[What the task requires]
Print exactly the lines below between the line holding "KABELFRI INSTALLATION –" and the line holding "- Sekcja przeglądu", inclusive, and nothing more.
START Dataset entries
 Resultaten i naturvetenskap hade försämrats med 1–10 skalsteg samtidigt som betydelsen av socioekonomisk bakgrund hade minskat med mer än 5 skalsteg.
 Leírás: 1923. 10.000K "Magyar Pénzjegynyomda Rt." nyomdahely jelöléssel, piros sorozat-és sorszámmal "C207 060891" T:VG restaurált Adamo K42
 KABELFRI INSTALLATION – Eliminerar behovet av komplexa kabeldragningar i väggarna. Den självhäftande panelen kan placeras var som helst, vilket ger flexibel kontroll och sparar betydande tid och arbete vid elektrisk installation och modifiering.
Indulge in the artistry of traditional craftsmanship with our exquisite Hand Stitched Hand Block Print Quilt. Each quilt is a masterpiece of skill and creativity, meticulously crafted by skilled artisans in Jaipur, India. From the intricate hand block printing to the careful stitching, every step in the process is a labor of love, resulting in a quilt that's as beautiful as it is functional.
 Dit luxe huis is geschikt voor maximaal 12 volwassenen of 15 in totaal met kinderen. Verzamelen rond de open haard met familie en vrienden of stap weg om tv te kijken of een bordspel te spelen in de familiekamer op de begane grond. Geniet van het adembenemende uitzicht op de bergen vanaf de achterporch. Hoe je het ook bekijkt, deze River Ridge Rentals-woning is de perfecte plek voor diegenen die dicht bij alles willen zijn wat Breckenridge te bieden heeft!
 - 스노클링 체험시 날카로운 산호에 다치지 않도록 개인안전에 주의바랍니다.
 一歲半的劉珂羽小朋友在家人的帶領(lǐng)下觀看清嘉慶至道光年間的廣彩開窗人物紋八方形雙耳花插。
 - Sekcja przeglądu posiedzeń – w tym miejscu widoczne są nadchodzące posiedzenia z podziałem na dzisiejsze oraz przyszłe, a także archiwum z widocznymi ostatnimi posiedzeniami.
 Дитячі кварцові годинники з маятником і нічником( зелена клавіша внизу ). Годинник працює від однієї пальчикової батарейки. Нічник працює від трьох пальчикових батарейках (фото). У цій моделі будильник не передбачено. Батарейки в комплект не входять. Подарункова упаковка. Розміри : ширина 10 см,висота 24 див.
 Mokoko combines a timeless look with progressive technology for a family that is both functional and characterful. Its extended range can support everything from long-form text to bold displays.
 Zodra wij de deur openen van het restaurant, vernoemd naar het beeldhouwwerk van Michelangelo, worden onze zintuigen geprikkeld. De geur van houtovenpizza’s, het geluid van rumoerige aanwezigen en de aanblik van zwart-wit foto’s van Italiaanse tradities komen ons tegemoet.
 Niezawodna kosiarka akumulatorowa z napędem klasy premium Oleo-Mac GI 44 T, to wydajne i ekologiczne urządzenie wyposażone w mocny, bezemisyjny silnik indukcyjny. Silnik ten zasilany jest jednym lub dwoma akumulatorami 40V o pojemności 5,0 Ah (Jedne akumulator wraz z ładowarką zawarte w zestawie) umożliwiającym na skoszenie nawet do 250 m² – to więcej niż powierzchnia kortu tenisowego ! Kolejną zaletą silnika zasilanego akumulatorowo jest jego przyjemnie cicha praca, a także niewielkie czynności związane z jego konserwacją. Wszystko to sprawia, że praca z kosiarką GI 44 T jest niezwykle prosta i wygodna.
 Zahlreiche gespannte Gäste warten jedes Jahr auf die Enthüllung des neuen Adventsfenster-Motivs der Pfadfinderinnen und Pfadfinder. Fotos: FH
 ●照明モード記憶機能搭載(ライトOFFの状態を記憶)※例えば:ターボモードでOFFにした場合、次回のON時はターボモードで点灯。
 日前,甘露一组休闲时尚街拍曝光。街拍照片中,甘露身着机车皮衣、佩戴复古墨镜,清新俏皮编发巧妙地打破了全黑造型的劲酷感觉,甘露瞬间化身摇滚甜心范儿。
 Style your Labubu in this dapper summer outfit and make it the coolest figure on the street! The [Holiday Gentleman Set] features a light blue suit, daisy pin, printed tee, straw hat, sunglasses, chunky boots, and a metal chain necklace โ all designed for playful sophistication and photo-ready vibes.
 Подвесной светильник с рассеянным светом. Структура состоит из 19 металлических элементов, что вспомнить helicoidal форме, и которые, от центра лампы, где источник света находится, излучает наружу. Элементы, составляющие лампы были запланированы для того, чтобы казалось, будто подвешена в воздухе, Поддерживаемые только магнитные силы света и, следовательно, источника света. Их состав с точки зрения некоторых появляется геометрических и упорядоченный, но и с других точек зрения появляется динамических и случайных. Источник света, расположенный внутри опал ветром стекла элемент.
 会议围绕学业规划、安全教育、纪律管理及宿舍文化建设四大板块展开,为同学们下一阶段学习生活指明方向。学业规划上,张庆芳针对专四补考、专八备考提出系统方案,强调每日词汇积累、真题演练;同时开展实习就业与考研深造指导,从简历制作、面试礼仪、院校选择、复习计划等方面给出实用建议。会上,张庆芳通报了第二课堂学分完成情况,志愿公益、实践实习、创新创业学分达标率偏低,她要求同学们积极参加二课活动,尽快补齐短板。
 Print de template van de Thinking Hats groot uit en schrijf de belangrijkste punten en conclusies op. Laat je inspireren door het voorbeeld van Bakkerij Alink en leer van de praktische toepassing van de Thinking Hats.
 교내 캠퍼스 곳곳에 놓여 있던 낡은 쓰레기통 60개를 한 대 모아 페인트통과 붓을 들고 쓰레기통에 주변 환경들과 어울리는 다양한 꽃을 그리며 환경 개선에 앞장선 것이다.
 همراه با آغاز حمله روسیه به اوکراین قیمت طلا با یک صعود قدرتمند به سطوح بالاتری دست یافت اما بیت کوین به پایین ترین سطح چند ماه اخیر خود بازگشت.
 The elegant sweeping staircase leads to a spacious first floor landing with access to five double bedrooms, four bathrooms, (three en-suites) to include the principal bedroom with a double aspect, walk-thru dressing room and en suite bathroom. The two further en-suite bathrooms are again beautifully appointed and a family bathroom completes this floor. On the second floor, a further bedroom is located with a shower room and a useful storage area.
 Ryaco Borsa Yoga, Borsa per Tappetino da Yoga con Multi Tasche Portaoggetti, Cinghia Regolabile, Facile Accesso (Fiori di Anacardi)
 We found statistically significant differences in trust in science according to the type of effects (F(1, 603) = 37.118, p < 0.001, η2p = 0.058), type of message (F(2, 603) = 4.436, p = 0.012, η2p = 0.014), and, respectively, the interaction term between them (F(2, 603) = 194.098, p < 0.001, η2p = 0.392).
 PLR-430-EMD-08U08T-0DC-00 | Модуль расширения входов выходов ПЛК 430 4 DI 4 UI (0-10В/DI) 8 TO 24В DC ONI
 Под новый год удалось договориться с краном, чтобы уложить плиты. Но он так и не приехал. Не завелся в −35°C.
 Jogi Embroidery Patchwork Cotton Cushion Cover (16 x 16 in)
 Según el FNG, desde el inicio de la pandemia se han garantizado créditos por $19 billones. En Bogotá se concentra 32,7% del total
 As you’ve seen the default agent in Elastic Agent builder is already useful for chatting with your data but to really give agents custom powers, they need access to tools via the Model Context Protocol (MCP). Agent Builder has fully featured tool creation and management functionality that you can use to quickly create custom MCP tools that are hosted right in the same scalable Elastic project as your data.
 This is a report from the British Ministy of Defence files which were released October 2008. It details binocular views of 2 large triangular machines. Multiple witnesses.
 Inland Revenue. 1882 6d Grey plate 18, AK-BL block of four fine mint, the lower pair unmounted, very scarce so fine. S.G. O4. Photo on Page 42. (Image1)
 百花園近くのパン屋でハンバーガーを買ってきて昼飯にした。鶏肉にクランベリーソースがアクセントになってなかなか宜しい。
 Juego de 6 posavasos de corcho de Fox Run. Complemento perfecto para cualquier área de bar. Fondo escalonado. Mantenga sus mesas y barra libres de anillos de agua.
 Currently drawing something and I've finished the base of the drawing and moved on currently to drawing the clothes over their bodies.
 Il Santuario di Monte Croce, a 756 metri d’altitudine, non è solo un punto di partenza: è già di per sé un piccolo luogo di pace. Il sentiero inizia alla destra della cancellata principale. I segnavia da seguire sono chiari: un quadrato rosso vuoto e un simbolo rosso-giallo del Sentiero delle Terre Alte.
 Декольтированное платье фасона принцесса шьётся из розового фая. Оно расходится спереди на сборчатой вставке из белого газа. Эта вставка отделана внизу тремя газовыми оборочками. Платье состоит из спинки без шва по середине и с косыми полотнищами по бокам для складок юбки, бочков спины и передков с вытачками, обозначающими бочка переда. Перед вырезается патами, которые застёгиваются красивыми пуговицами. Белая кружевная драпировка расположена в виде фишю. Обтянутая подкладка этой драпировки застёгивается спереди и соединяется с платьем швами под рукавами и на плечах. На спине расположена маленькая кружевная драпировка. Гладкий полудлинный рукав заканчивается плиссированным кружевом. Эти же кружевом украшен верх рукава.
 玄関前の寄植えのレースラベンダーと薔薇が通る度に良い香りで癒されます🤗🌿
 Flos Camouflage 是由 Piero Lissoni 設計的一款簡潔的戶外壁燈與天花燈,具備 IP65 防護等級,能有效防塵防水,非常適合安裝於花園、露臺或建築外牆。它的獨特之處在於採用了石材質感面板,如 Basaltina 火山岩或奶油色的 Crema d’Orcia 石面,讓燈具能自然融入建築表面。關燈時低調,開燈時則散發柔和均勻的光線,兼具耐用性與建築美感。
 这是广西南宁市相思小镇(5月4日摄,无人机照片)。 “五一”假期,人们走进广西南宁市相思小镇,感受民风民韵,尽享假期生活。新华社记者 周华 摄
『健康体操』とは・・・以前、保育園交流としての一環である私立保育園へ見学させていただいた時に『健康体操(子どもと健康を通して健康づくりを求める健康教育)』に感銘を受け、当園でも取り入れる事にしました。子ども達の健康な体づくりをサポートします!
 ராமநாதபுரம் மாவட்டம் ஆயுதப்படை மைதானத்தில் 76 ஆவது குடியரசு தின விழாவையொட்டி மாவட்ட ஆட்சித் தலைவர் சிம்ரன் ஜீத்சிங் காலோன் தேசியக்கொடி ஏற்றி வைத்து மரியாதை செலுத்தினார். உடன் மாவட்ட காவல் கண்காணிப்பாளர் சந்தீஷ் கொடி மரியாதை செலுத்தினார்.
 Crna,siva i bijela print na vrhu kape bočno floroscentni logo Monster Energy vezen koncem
END Dataset entries
[Result]
 KABELFRI INSTALLATION – Eliminerar behovet av komplexa kabeldragningar i väggarna. Den självhäftande panelen kan placeras var som helst, vilket ger flexibel kontroll och sparar betydande tid och arbete vid elektrisk installation och modifiering.
Indulge in the artistry of traditional craftsmanship with our exquisite Hand Stitched Hand Block Print Quilt. Each quilt is a masterpiece of skill and creativity, meticulously crafted by skilled artisans in Jaipur, India. From the intricate hand block printing to the careful stitching, every step in the process is a labor of love, resulting in a quilt that's as beautiful as it is functional.
 Dit luxe huis is geschikt voor maximaal 12 volwassenen of 15 in totaal met kinderen. Verzamelen rond de open haard met familie en vrienden of stap weg om tv te kijken of een bordspel te spelen in de familiekamer op de begane grond. Geniet van het adembenemende uitzicht op de bergen vanaf de achterporch. Hoe je het ook bekijkt, deze River Ridge Rentals-woning is de perfecte plek voor diegenen die dicht bij alles willen zijn wat Breckenridge te bieden heeft!
 - 스노클링 체험시 날카로운 산호에 다치지 않도록 개인안전에 주의바랍니다.
 一歲半的劉珂羽小朋友在家人的帶領(lǐng)下觀看清嘉慶至道光年間的廣彩開窗人物紋八方形雙耳花插。
 - Sekcja przeglądu posiedzeń – w tym miejscu widoczne są nadchodzące posiedzenia z podziałem na dzisiejsze oraz przyszłe, a także archiwum z widocznymi ostatnimi posiedzeniami.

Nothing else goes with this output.